DCLM-7B
Property | Value |
---|---|
Parameter Count | 6.89B |
Training Tokens | 2.5T |
Context Length | 2048 |
License | Apple ASCL |
Paper | DataComp-LM Paper |
What is DCLM-7B?
DCLM-7B is a state-of-the-art language model developed by the DataComp for Language Models team, representing a significant advancement in open-source AI. Built on a decoder-only Transformer architecture, it combines carefully curated training data including DCLM-BASELINE, StarCoder, and ProofPile2 datasets, totaling 4.1T tokens.
Implementation Details
The model features 32 layers with 4096 hidden dimensions and 32 attention heads. It was trained using AdamW optimizer with a peak learning rate of 2e-3 and weight decay of 0.05. Training was conducted on H100 GPUs with a batch size of 2048 sequences.
- Architecture: Decoder-only Transformer
- Framework: PyTorch with OpenLM
- Sequence Length: 2048 tokens
- Training Infrastructure: H100 GPUs
Core Capabilities
- Strong performance on MMLU (63.7% few-shot)

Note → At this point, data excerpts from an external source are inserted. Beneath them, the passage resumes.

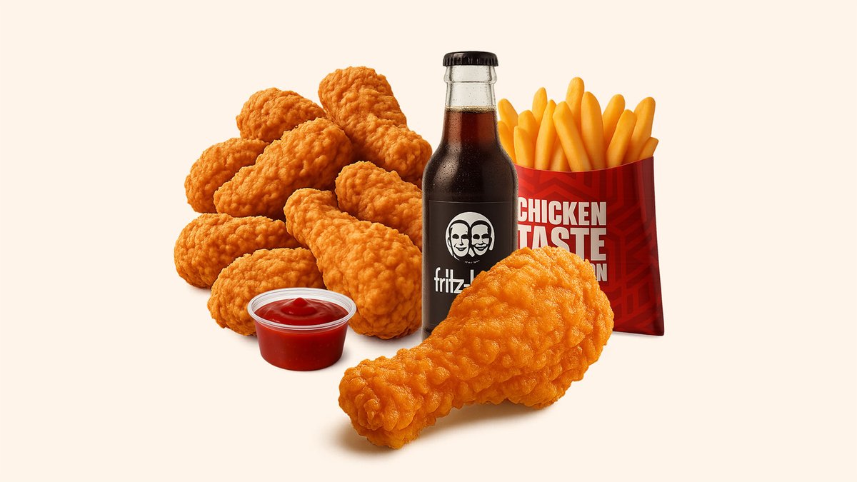 6x Chicken Tenders 1x Pommes frites 1x Soße deiner Wahl 1x 0,2 l alkoholfreies Getränk deiner Wahl
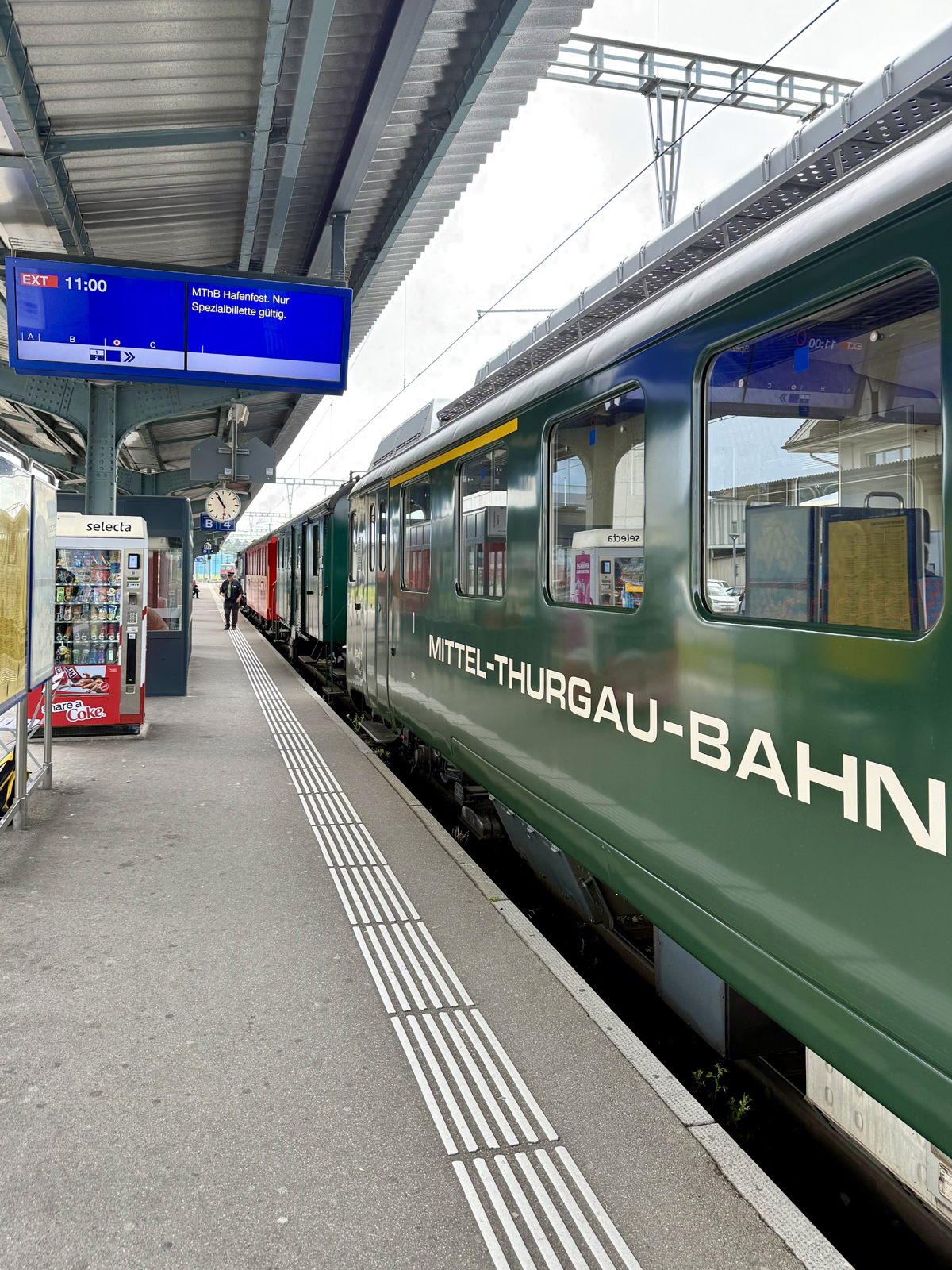 Die Agenda des Wochenendes war dann wieder gähnend leer, doch ich konnte mich am Sonntag aufraffen, die in der Schublade schlummernde Spartageskarte zu nutzen: Erst für den "Foifer und Weggli" nach Basel, dann zu Pasteli mit Brätkügeli nach Sankt Gallen, und am späten Nachmittag zur Seilbahn Rigiblick,
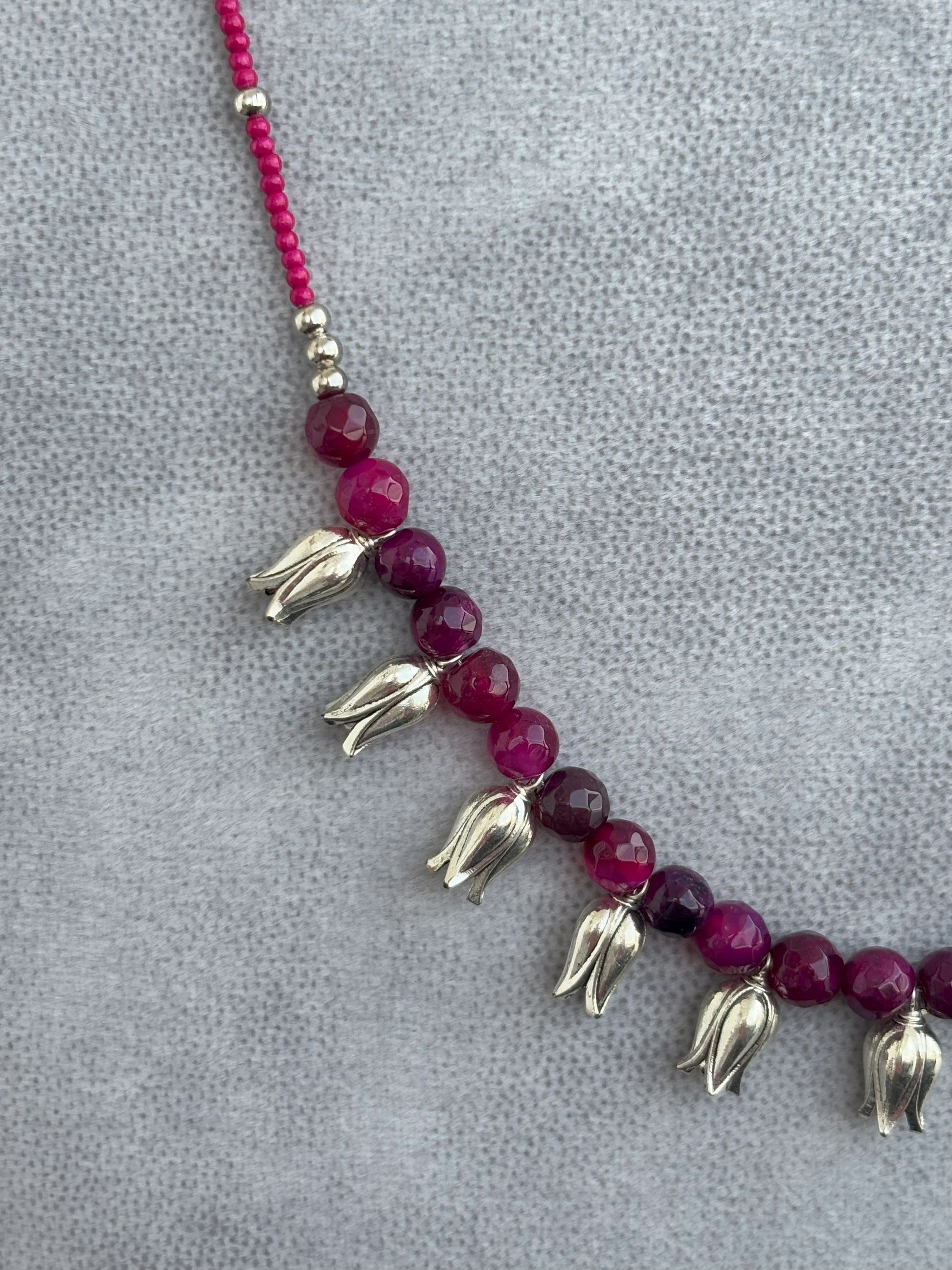 Handmade Oxidized Tulip and Magenta Stone Necklace Set
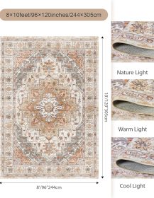 Washable Area Rug 8×10, Large Soft Rugs for Living Room Stain Resistant Non-Slip Backing Rugs for Bedroom, Vintage Clearance Large Area Rug (Turmeric/Grey,8’x10′)

- Excellent results on reasoning tasks (HellaSwag: 80.4%)
- High accuracy in common sense tasks (COPA: 85%, SIQA: 82.9%)
- Robust performance on reading comprehension and QA
Frequently Asked Questions
Q: What makes this model unique?
DCLM-7B stands out for its open-source nature combined with state-of-the-art performance, achieving results competitive with closed-source models. It demonstrates particularly strong performance in reasoning and QA tasks while maintaining full transparency in its training data and methodology.
Q: What are the recommended use cases?
The model excels in tasks requiring reasoning, comprehension, and general knowledge application. It's particularly well-suited for academic research, text analysis, and general language understanding tasks. However, users should note it hasn't undergone specific safety fine-tuning.